Could the trademark be licensed for $1 or something?

Could be licensed in exchange for a link on the front page to the Jupyter website; there is no requirement for copyright or trademark owners to offer licenses to all potential users for the same price.

Since Jupyter notebook is one type of things among others used in SageMathCloud, it's prudent to put it under the SageMath brand. You do want to build up the SageMath brand. Just put it under cloud.sagemath.com/jupyter.

Several people have now suggested exactly this to me too. I'll clarify my question to the Jupyter Steering Committee and also ask about use of Jupyter in a subdomain or page like cloud.sagemath.com/jupyter.

Frankly I think the name Jupytercloud is much, much better than sagemathcloud. The reason is that anything containing the word 'math' instantly kills 99.9% of your targetgroup. I have been a mathematician for half of my professional life and I share a a love for all things mathematics, but in the second half of my professional life I have learned (the hard way) that 99.9% of people instantly shut off as soon as math is brought up. Sadly this is even true for most engineers and scientists. Anything called mathcloud is instant negative marketing, especially as doing a google search quickly turns up, talk about L-functions, number theory and commutative algebra. All of these capabilities you are rightly proud of, but which for most anybody outside of academic math departments it is a clear sign that sage/sagemathcloud is "not for me". This includes mathematics teachers, who, however, seem to like geogebra, a system with much more limited capabilities, but sufficient for elementary algebra, plotting functions and elementary geometry. One of its strength is that it can used in a (chrome) browser.
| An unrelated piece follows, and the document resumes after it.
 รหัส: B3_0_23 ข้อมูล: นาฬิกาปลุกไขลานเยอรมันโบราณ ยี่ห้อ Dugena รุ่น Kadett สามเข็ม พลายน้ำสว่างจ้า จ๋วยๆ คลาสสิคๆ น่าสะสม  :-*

On the other hand there is a much larger group (if only non-math students) for which a "google docs/github" for shared, zero-install, browser based python/R/Ruby programming, data-analysis, plotting, statistics, technical-scientific writing /Numpy numerical and yes, Sage symbolic computation environment is a great proposition. Of course this is exactly what SageMathcloud is offering. However, if I may exaggerate a bit, SageMathcloud is now positioned as a cloud system to support mathematicians that can also do things like plotting and statistics, because it is really handy for doing statistics of the zero's of the zeta function. Completely understandable from where you come from, but a marketing disaster. A name like Jupyther cloud that reflects such a "neutral" programming/technical/statistical/data position would be a great boon.
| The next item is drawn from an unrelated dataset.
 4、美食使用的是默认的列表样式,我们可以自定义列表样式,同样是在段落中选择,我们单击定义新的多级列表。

Why do you have to redirect jupytercloud to sagemathcloud? I feel that is what they are objecting to primarily. Create your web site with your own content for your domain and somewhere there, if needed or inclined to, provide a link to SageMathCloud. It will also help if you put appropriate disclaimers/clarifications so there is no confusion.
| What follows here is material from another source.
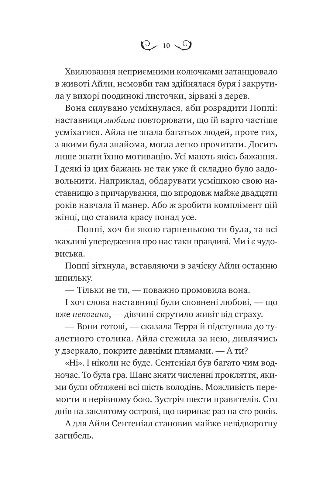 Ласкаво просимо на Сентеніал! Раз на сто років на острові Лайтларк відбувається Сентеніал — смертельна гра для правителів шести володінь. Сто днів на острові — це останній шанс зняти прокляття, які століттями переслідували їхні народи. Кожному правителю є що приховувати й за що боротися. Але один із них муситиме померти… Айла Краун — молода правителька Дикого володіння. На її народ впало подвійне прокляття — його представники мали вбивати тих, у кого закохувалися, і харчуватися лише людськими серцями. Відтак вони перетворилися на прекрасних чудовиськ, що володіли підступною силою спокушати з першого погляду. Любов стала забороненою, а войовниці цього народу викликали страх і ненависть. Щоб вижити й перемогти на Сентеніалі, Айла готова брехати й зраджувати. Але кохання все ускладнює.
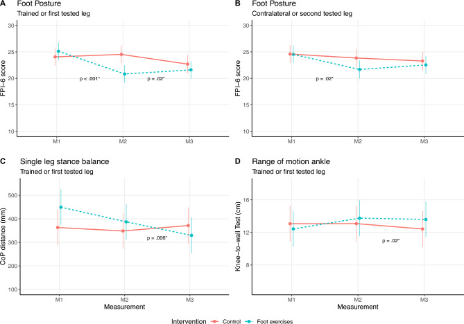 This study investigated the local, remote, and contralateral effects of a four-week intrinsic foot muscle exercise intervention in recreationally active participants on foot parameters, flexibility, and performance of the posterior chain (PC). Twenty-eight healthy participants (12f, 16m) were randomly assigned to a control group or performed 2 × 6 min of foot exercises twice daily unilaterally at least five days/week for four weeks. At baseline (M1), after the intervention (M2), and after a four-week wash-out period (M3), we assessed bilateral Foot Posture Index-6, medial longitudinal arch mobility, single-leg stance balance, range of motion (ROM) (first metatarsophalangeal joint and ankle), and flexibility and performance of the PC. The FPI-6 score changes over time differed significantly between groups for both legs, improving by 26% in the trained- (p < .001) and 11% in the untrained leg (p = .02) in the intervention group from M1 to M2. Improvements were maintained at M3 for the trained leg (p = .02). Ankle range of motion and balance of the trained leg improved from M1 to M2, yet only became significant at M3 (ROM: p = .02; balance: p = .007). The other parameters did not change significantly. A four-week foot exercise intervention might have local but no remote effects in healthy young adults.German Clinical Trial Register (DRKS00027923) (24/08/2022).

I did that redirect for testing purposes among the SageMathCloud developers; I did not advertise or link to it, and don't know how anybody found out about it [edit: somebody saw a github issue that mentioned the domain name]. The next step, which was being actively worked on the last two days by Tim Clemans, was modifying the site to change the content as you suggest. I'm too used to doing open source development very openly, and definitely this was a mistake in this case.

I think it was perfectly reasonable to grab the domain name as it could have been squatted by anybody else who would have been aware of this name. Just the fact that it resolves is/was problematic.

Off topic; hopefully this reaches the author: This is impossible to read on my iPhone 6. The text goes way off the side of the screen, but I can't scroll horizontally to read it. Also double-tapping the screen doesn't make it fit the text on, which usually works. Actually pinch-to-zoom doesn't work at all.